A novel strategy for improving genome assembly from very short reads is proposed. It can increase accuracies of assemblies by integrating de novo contigs, and produce comparative contigs by allowing multiple references without limiting to genomes of closely related strains. Comparative contigs are used to scaffold de novo contigs. Using simulated and real datasets, it is shown that our strategy can effectively improve qualities of assemblies of isolated microbial genomes and metagenomes.
With more and more reference genomes available, our strategy will be useful to improve qualities of genome assemblies from very short reads. Some scripts are provided to make our strategy applicable at http://code.google.com/p/cd-hybrid/.
In the past a few years, several new platforms, such as Roche 454, Illumina/Solexa and ABI SOLiD, which are called Next-Generation Sequencing (NGS) technology in general, have revolutionized the sequencing landscape. Compared to the traditional Sanger sequencing method, the NGS technologies have several distinct features. First, the lengths of NGS reads are shorter. A typical read from Sanger sequencing is about 650-800 base pairs. Roche's 454 sequencer produces reads between 250-400 bp, and Solexa/SOLiD reads are generally within 100 bp. Second, the NGS technologies enable one machine to simultaneously produce millions of reads. For example, the Roche/454's GS FLX Titanium, Illumina/the Solexa's GAII and Life/APG's SOLiD 3 can generate about 0.45, 4 and 7 Giga-bytes data in one run . With the dramatically reduced time and cost for sequencing a genome, thousands of such projects have been finished or are in progress. These projects are either de novo sequencing or re-sequencing of prokaryotes and eukaryotic species (Genomes Online Database, http://www.genomesonline.org/). The NGS technologies were first applied to bacterial genomes [2–4]. For eukaryotic genomes sequenced through the NGS technologies, the giant panda genome was solely assembled from Solexa reads ; the filamentous fungus Grosmannia clavigera  and the cucumber Cucumis sativus  were sequenced in combination with the Sanger technology; and the genome of filamentous fungus Sordaria macrospora was assembled from a mixture of Solexa and 454 reads .
Genome assembly from very short reads is challenging because of genomic repeats and it also requires intensive computation resources. Two strategies are commonly used, the comparative assembly strategy and the de novo assembly strategy. For the comparative assembly strategy, DNA fragments are mapped to the reference and this information is used to infer the structure of genome being sequenced [9, 10]. The de novo assembly strategy is to construct genome sequences from a set of sequence reads without the help of reference genomes, either using the overlap-layout-consensus (OLC) approach or an algorithm based on a de Bruijn graph (DBG). Both methods have been well described in previous reports [11, 12]. Because the DBG-based assemblers can more accurately resolve genomic repeats with less computation than OLC-based ones, they have been widely adopted by genome sequencing projects .

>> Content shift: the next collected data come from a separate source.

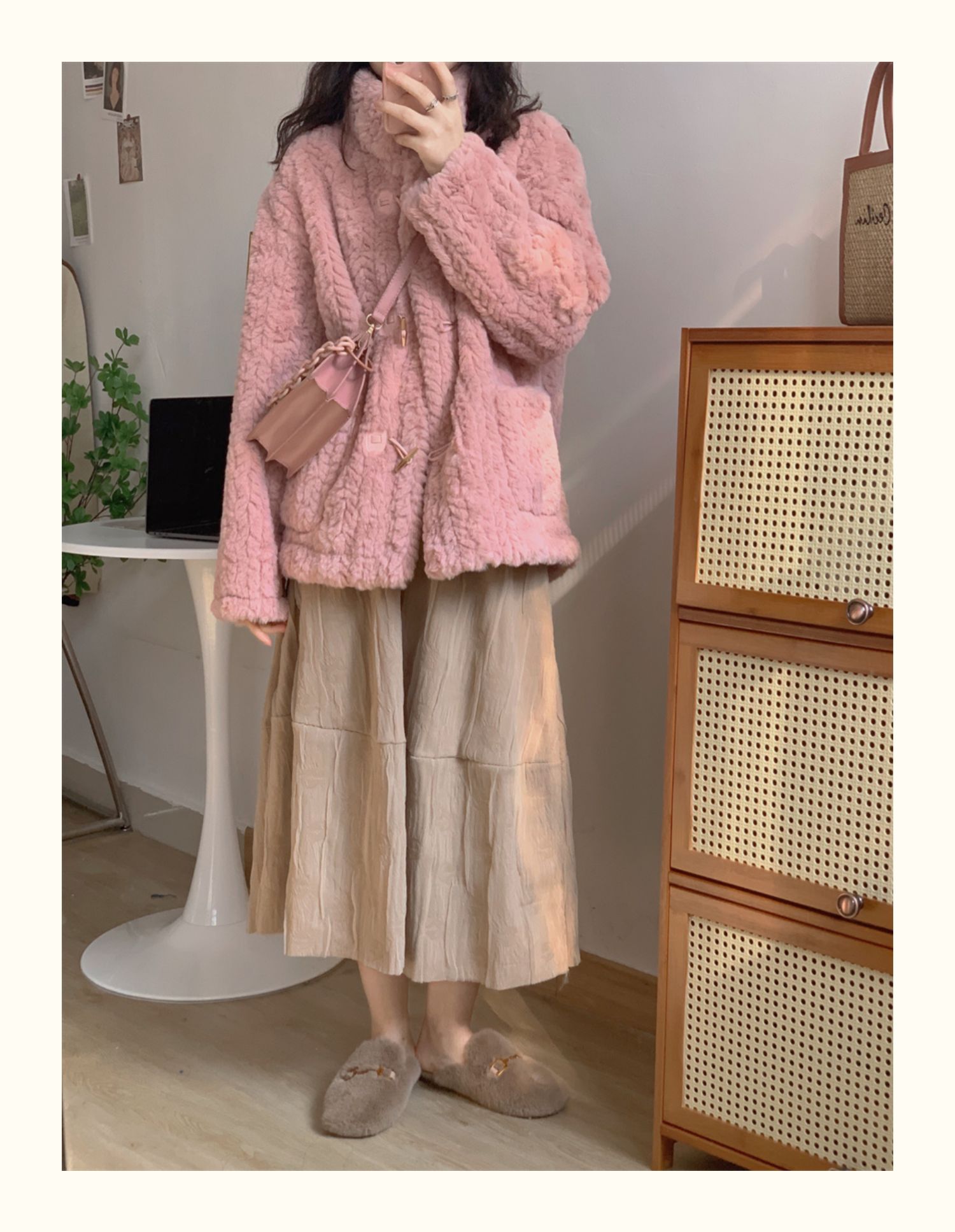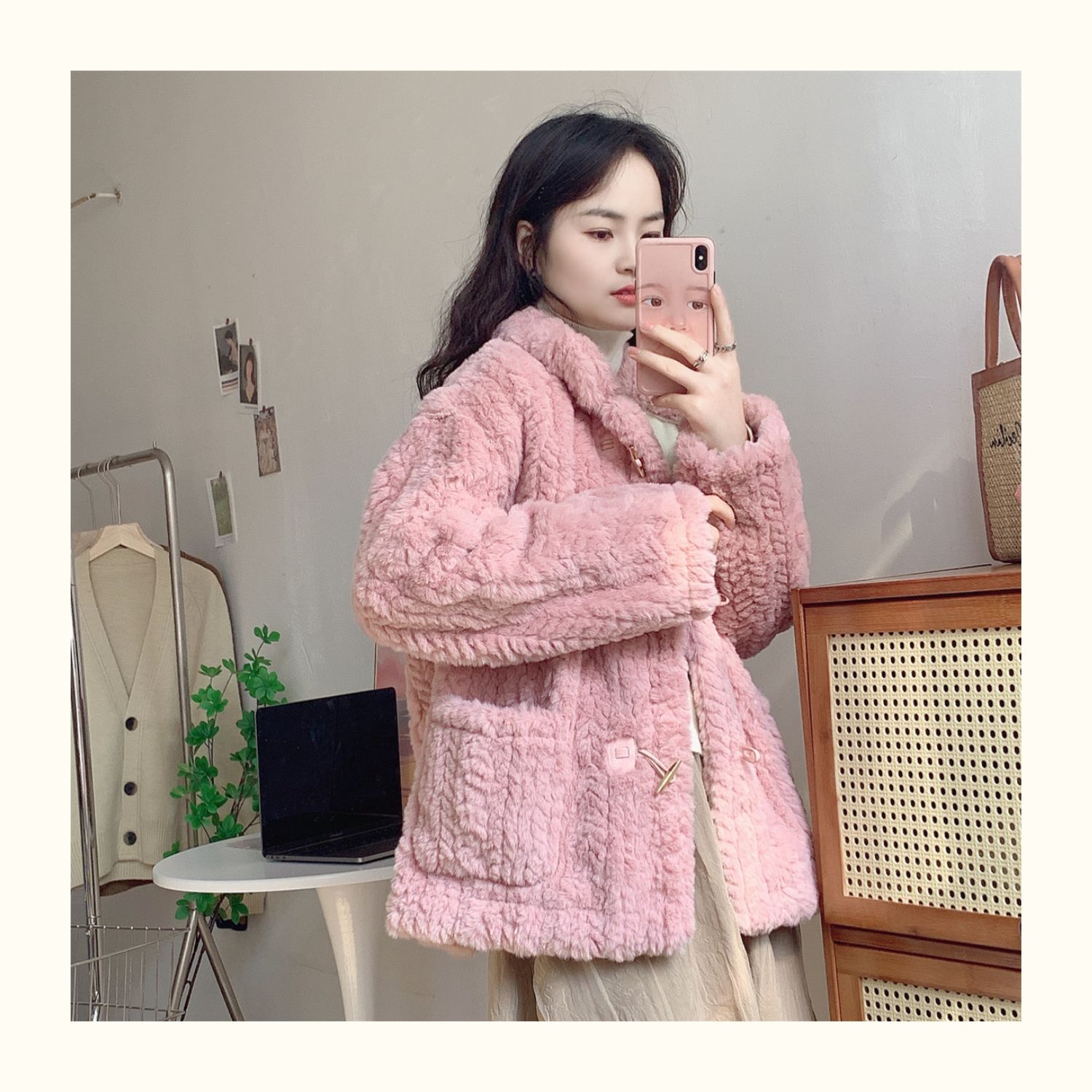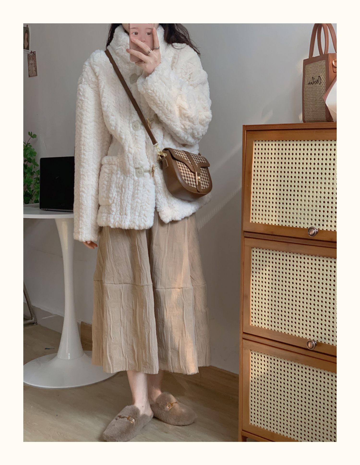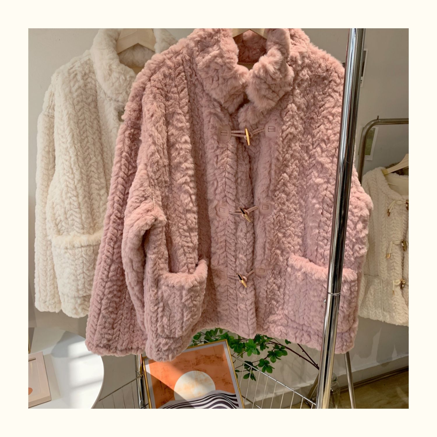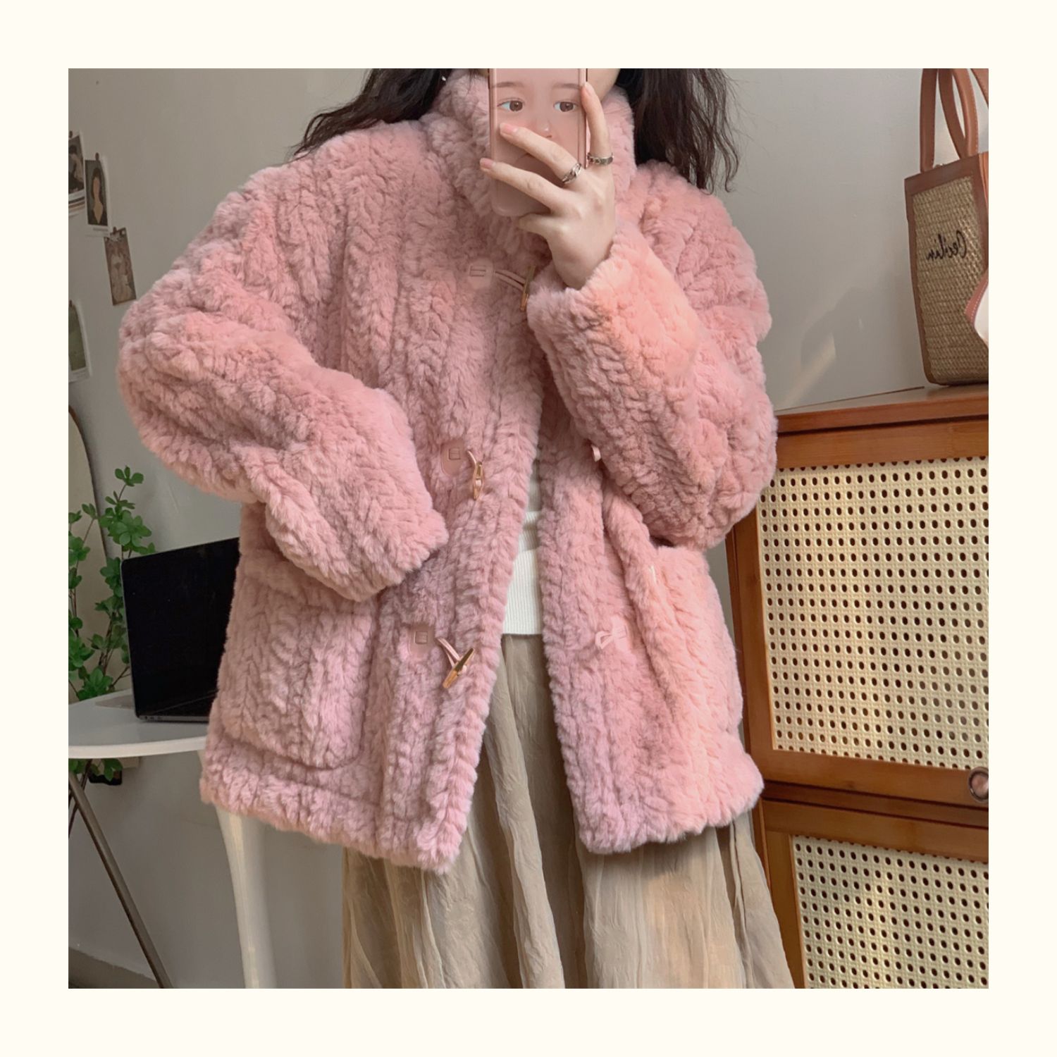 短款小香風牛角釦冬季羊羔毛絨絨外套女2024年新款小個子百搭棉服
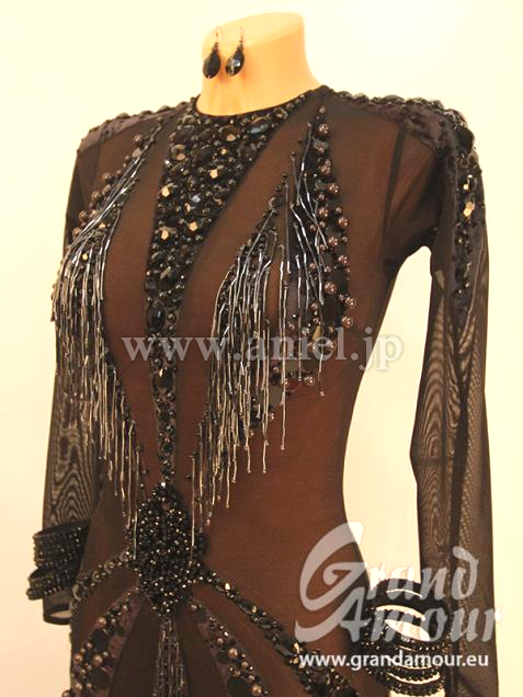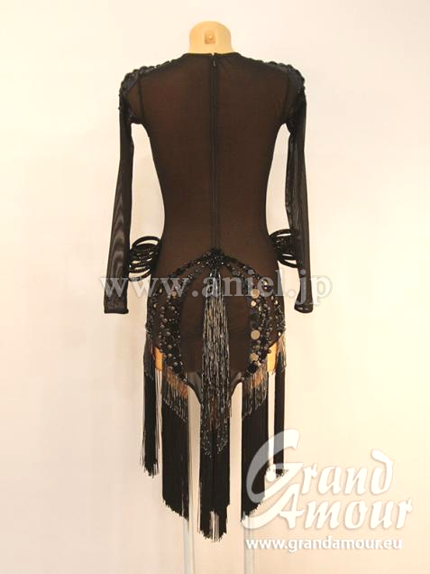 スカートのフリンジと竹ビーズがタイトなドレスの中に動きを出します。
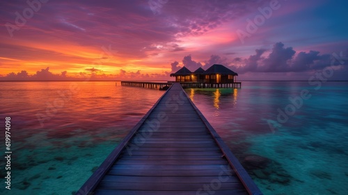 © evening_tao, Obraz premium A small wooden bridge over a beautiful sea
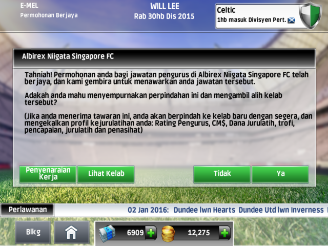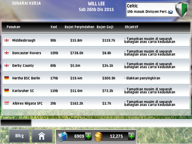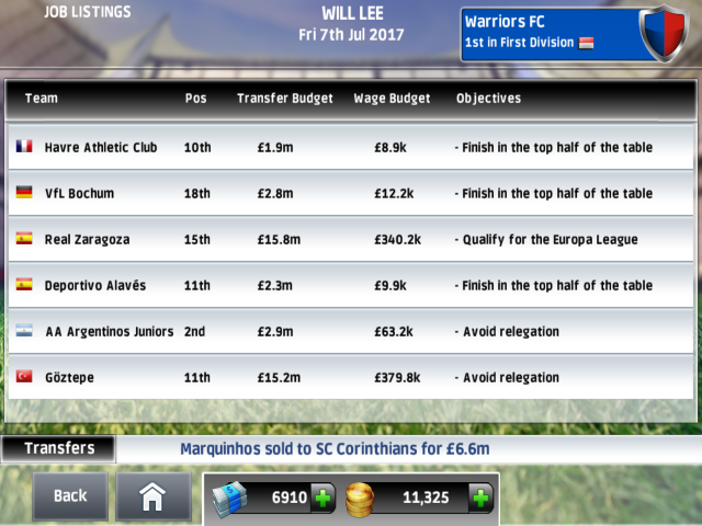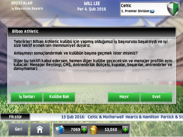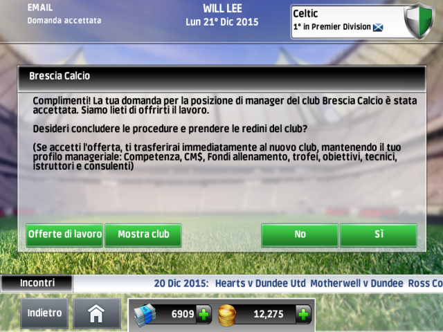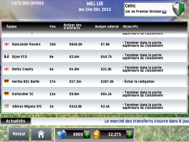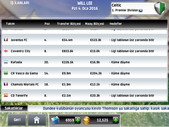 Offerte di lavoro – In base ai tuoi risultati, puoi ricevere offerte di lavoro da altre squadre. Dai un’occhiata e proponiti per i ruoli da allenatore disponibili

The qualities of genome assemblies are evaluated by their contiguity and the accuracy of contigs or scaffolds . The contiguity refers to lengths of contigs or scaffolds, such as the total length, the average length and the longest length, etc. The accuracy mainly means mis-assembly rates. Previous studies showed that, when the lengths of the NGS reads are shorter than genomic repeats, the complexity of genomic repeat regions is the major contributing factor to the quality of genome assembly [13–15]. Whiteford and colleagues showed that NGS reads of 30 bps could generate useful assemblies and recover almost all genes, while genes that failed to be correctly assembled are mostly related to repetitive elements (such as transposons, IS elements and prophages) . Alkan and colleagues discovered that many genomic repeats or segmental duplications were left out by de novo assemblies of human genomes from short reads, and suggested to combine high-quality sequencing approaches with high-throughput ones for improving the assembly qualities .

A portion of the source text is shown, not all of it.